In the US, polls underestimated Republican support in the 2010 and 2014 elections. In the UK, polls also missed the Conservative Party’s wins since 2010. The polls were mostly accurate in 2012. The last minute Romney “surge” occurred in red states. Given Trump’s historically high un-favorability numbers, it is entirely possible people would vote for Trump, but hide that from friends, family, and pollsters. Approximately 25% of the population is saying they dislike both candidates and don’t want to vote for either. 29% believe Trump is a racist. Unfortunately for those voters, they’ll either stay home or pick one of those two major party candidates (I hold no hope for the Libertarian or Green Party making a major push). If they choose Trump, they can lie about that fact to everyone else.

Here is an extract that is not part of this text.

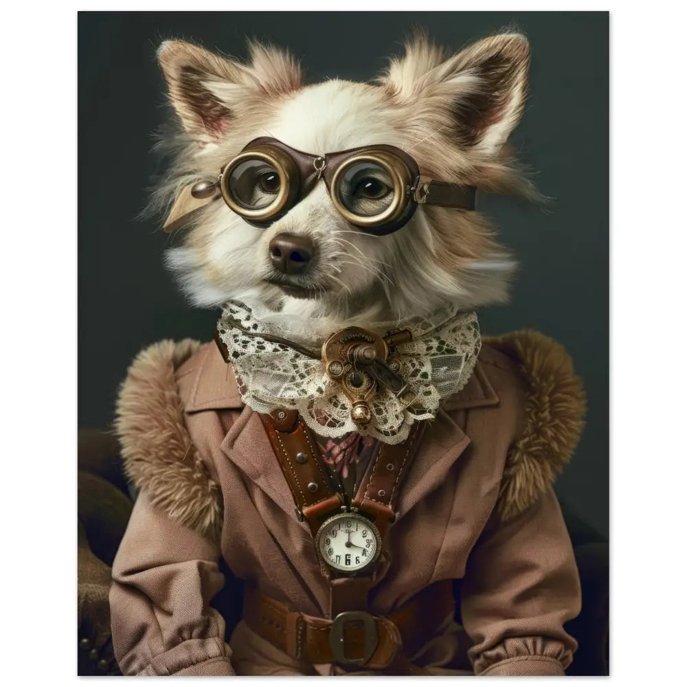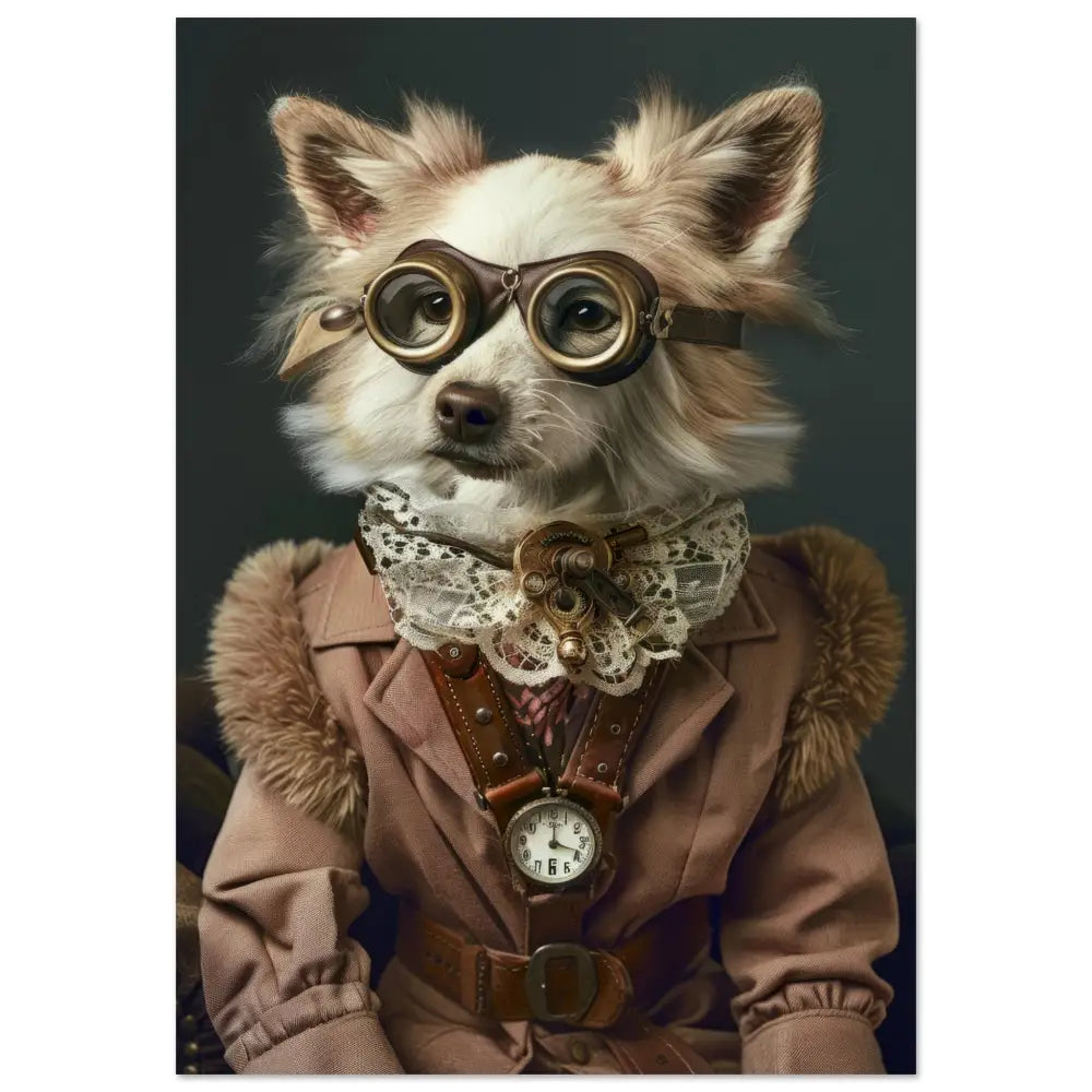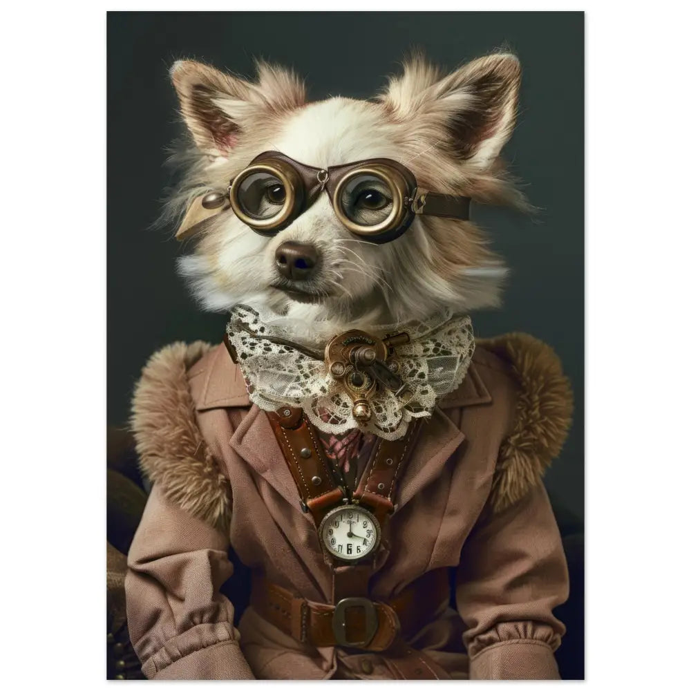 Deze afbeelding toont een dier, gekleed in een prachtige vintage steampunk outfit. Het draagt een elegante, beige jas met zijdeachtige textuur en gedetailleerde stiksels. Om de nek hangt een antieke bronzen klok, die de verfijnde look van het schilderij accentueert. De kop wordt gesierd door een paar grote, bruingekleurde brillen met luxe gouden metalen details, wat het geheel een avontuurlijke uitstraling geeft. De voorpoten zijn voorzien van zachte, beige bontachtige manchetjes en stijlvolle leren riemen, terwijl de achtergrond subtiel donker is gehouden om het dier in het middelpunt van de aandacht te plaatsen.

The campaigning tone/style of Clinton matches Remain, while Trump mildly matches Leave
Remain ran a campaign based almost entirely on fear. The Remain campaign never made a case for “Why” British voters should allow the EU to have such a large say in British affairs. The Remain campaign ran almost exclusively on how “bad” things “would” get if Britain left the EU and attacked Leave supporters as racists. The Remain campaign was led by US consultants. The Leave campaign was a homegrown effort.
Leave’s campaign was far more positive based than Remain. They focused on concepts of sovereignty and empowering the British people and parliament to make decisions. Remain never truly answered these assertions. Faced between a choice between a fear campaign and a more positive message going against the status quo, the people chose the positive message.

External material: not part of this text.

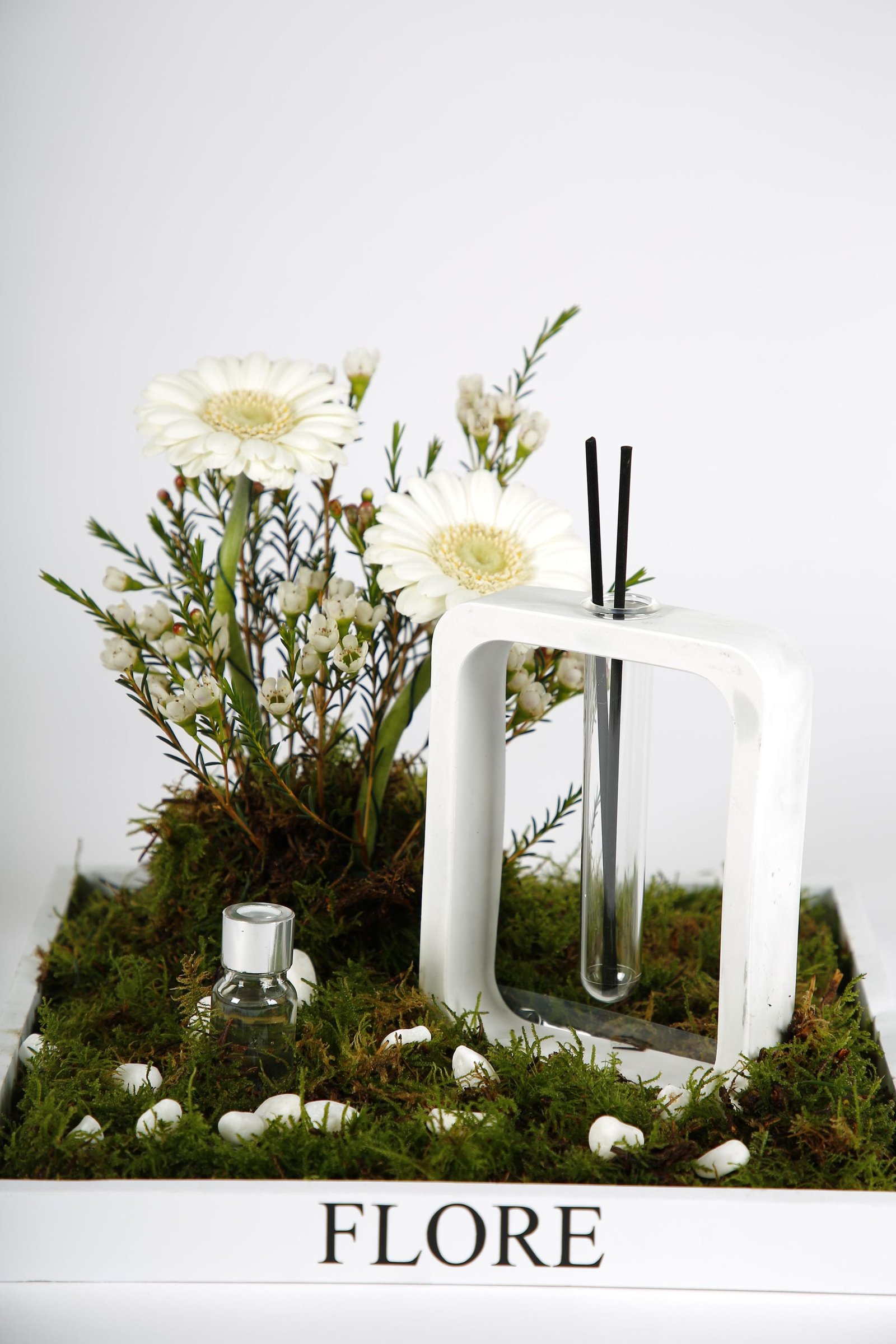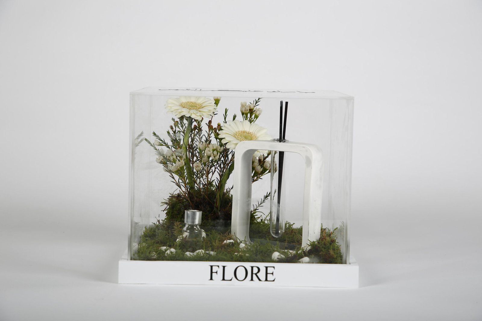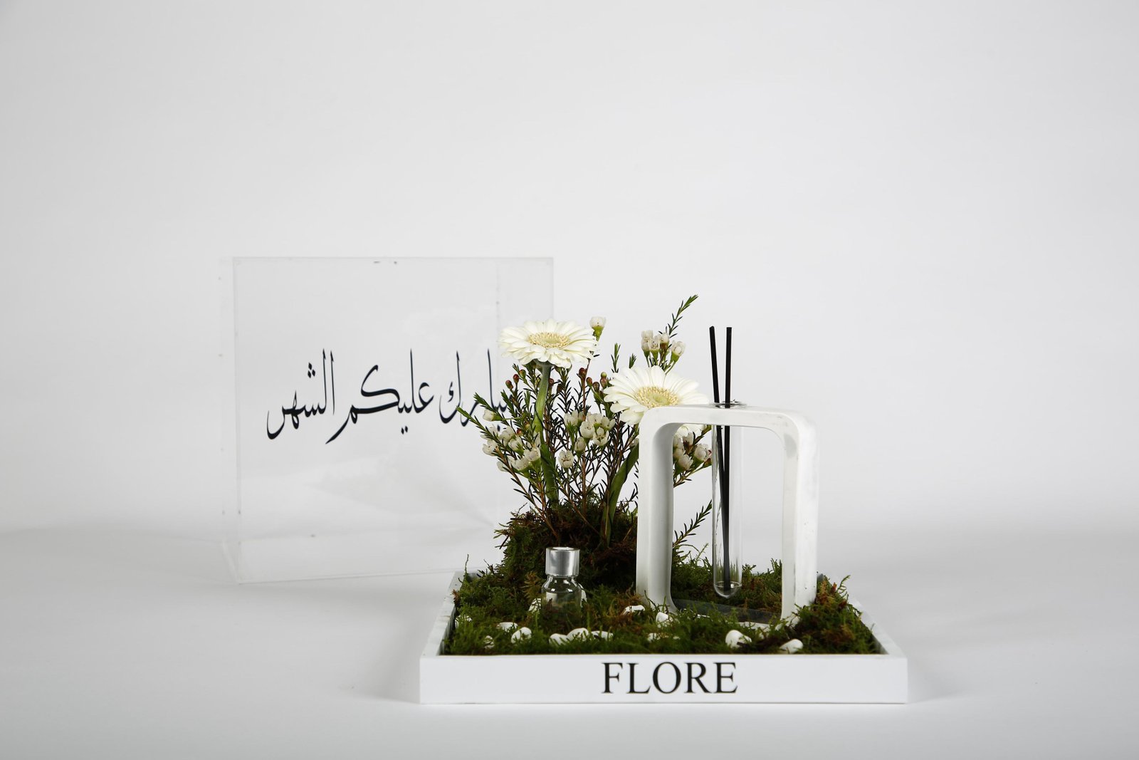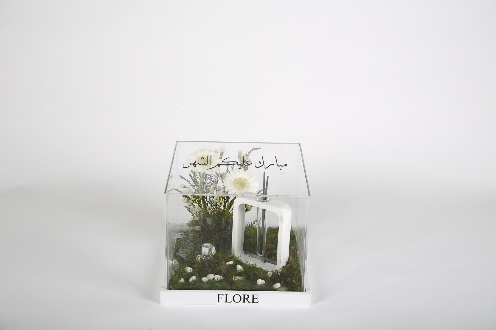 The product includes: •Reusable acrylic box, size (20*25*25) •Diffuser stand with the scent of oud •Natural rose

In the United States, Hillary Clinton is leading the race with a commanding lead. Her lead over Trump has not been matched in any election this century. She is also running a campaign similar to Remain. The two speeches she has given now on foreign and domestic policy spent the majority of their time attacking Trump. Her message is that American need a steady hand continuing the status quo and spends the rest of her time attacking Trump. She is not giving people a reason to vote for her, but rather trying to scare away Trump voters.
Trump, when he makes cohesive sense, is conducting a steady barrage of attacks while giving people a reason to vote for him: “Make America Great Again.” He appeals to a nostalgia for the past. His attacks on Clinton paint her as dishonest and corrupt. The attacks stick because voters believe both things about Clinton.
I have no idea if either campaign will work. However, for the Clinton camp, this should serve as a warning that they need to provide voters a reason to vote for her, not against Trump.
Who is excited to vote? Excitement and activists pushing a campaign matter
Continuing off the messaging point: something else matters in the election: excitement. You have to drive not just voters to the polls, but activists have to be excited enough for you to push your candidate across the line. Leave had more active activists in the campaign. Remain relied on organizations, endorsements, and names. Leave relied on local activists to push their campaign.
Given the unfavorable numbers with Clinton and Trump, it’s hard to peg who has the better activists currently. Given her money advantage. It’s safe to assume Clinton. Trump hasn’t activated his activists yet. Trump does have an edge in the excitement factor, but he’s done nothing to activate that excitement.
Campaigns matter; as do campaigning fundamentals
Campaigns, staff, and a campaign strategy matter. The Leave campaign was outspent and outgunned in every manner, yet they won. It’s worth listening to their strategy. Leave went to where the voters were. They targeted them via polling and social media to find their supporters, activate them, and get them excited to vote. The scale, strategy, and precision of the Leave campaign matches every winning campaign I’ve seen. This is not to say the Remain campaign was bad, it wasn’t. Leave was better.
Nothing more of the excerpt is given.